Bölüm 1: GECE KUŞU.

968 24 9
                                    

Multi'de Devrim'i sürükleyen, bizimkinlerin söykediği şarkı var. İyi okumlar dileriz!

+++++

Yelkovan on ikiye vurduğunda dudaklarım keyifle yukarı doğru kıvrıldı. Ölmek için güzel bir zaman dilimiydi.

Sigaramdan hafifçe bir soluk çekip ciğerlerime hapsettim. Şu hayatımda üç şeye değer veriyordum; sigara, arabalar ve abim...

"Gece kuşu, artık uyusan diyorum." Abimin uykulu sesi kulaklarıma dolunca, oturduğum tahta sandalyenin kulak sağır edcek gıcırdamasıyla arkama doğru döndüm.

Pencere pervazına yaslanmış, kızarmış gözler, mor göz altlarıyla bana bakıyordu. Onun bu hâli, gerçekten benim abim olduğunu kanıtlıyordu. Fakat; kızarık gözleri uykusuzluktan değil çok içmektendi.

"Benim uyumam, senin içki içmemenle ölümüne kapışır abi." sersem sersem sırıtıp yaslandığı duvardan hafifçe çekildi.

"Çok konuşma da çabuk hazırlan, seninle işim var." Cümlesini bitirip içeri doğru giderken bağırdım.

"Bu saatte nereye?" Odanın kapısının kapanma sesini duyunca beni her zamanki gibi takmadığını anladım.

Bitmiş sigaramın izmaritini balkon demirlerinde söndürüp aşağı attım. Odama girmek için hızlı adımlarla balkondan çıktım.

Odanın sol tarafında kalan, beyaz dolabın kapaklarını açtım. Karmakarışık kıyafetlerimi görünce nefesimi seslice verdim.

Kendi kendime burayı bir zaman sonra toplama kararı alıp, siyah yüksek bel şortla beyaz yarım büstiyerimi zar zor bulup yatağın üstüne fırlattım.

Saçlarımı yapma gereği duymadan koşar adımlarla aşağı indim.

Beni görünce kristal içki bardağını masaya bıraktı. Bardağın mermere vuran tok sesi boş salonu yankılarken abim deri ceketini, mayhoş hareketlerle giymeye çalışıyordu.

"Bir saat boyunca hazırlanmanızı neye borçluyuz Devrim Hanım?" askılıktaki koyu gri kot ceketimi üstümü geçirirken cevap verdim.

"Sarhoş hâlinle hiç çekilmediğini biliyor musun?"

"Kapa çeneni." Siyah butileri ayağıma geçirirken kıkırdamamı saklayamamıştım.

Ahşap dış kapıyı açarak dışarı çıknca, bende beklemeyip arkasından çıktım.

Abim hızlı bir şekilde, arabanın anahtarını bana fırlatınca çevik bir hareketle havada yakaladım.

Vakit kaynetmeden ön koltuğa oturup, anahtarı kontağa sokarak arabayı çalıştırdım.

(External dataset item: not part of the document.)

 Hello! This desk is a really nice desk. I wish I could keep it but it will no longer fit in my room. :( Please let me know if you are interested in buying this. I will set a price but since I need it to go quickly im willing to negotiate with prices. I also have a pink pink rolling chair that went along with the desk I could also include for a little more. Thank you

Hızla gaza yüklenip ani bir hareketle direksiyonu sağa kırdım. Yan koltukta oturan abimin gülme seslerini işitince kafamı ona doğru çevirdim.

"Ne var, neden gülüyorsun?"

"İşte benim kardeşim!" dediğinde dudaklarımın arasından bir kahkaha kaçtı.

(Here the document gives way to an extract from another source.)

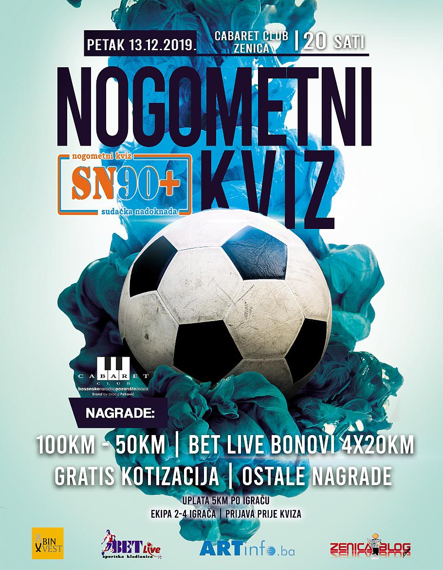 A s Englezima mogli bi se porediti i po svojoj pasioniranosti prema najvažnijoj sporednoj stvari na svijetu – nogometu. No, šta se dobije kad se spoje, na prvi pogled dvije nespojive ljubavi, nogomet i kviz, najbolje ćemo saznati u petak, 13. decembra, na “Sudačkoj nadoknadi” koja će se, kao i mnogobrojne dosadašnje neviđene atrakcije u našem gradu, odigrati u “Cabaret clubu” s početkom u 20,00 sati.

Evden tam olarak uzaklaştığımızda, "Hâlâ nereye gideceğimizi söylemedin," diyerek sessizliği bozdum.

"Dark Hell" Kafamı olumlu anlamda sallayıp abimin siyah spor arabasını istediği yere sürdüm.

Eski sokaklardan geçtikten sonra, abim yavaşlamam için söylendi.

Ayağımı gazdan hafifçe çekip arabayı durdurdum.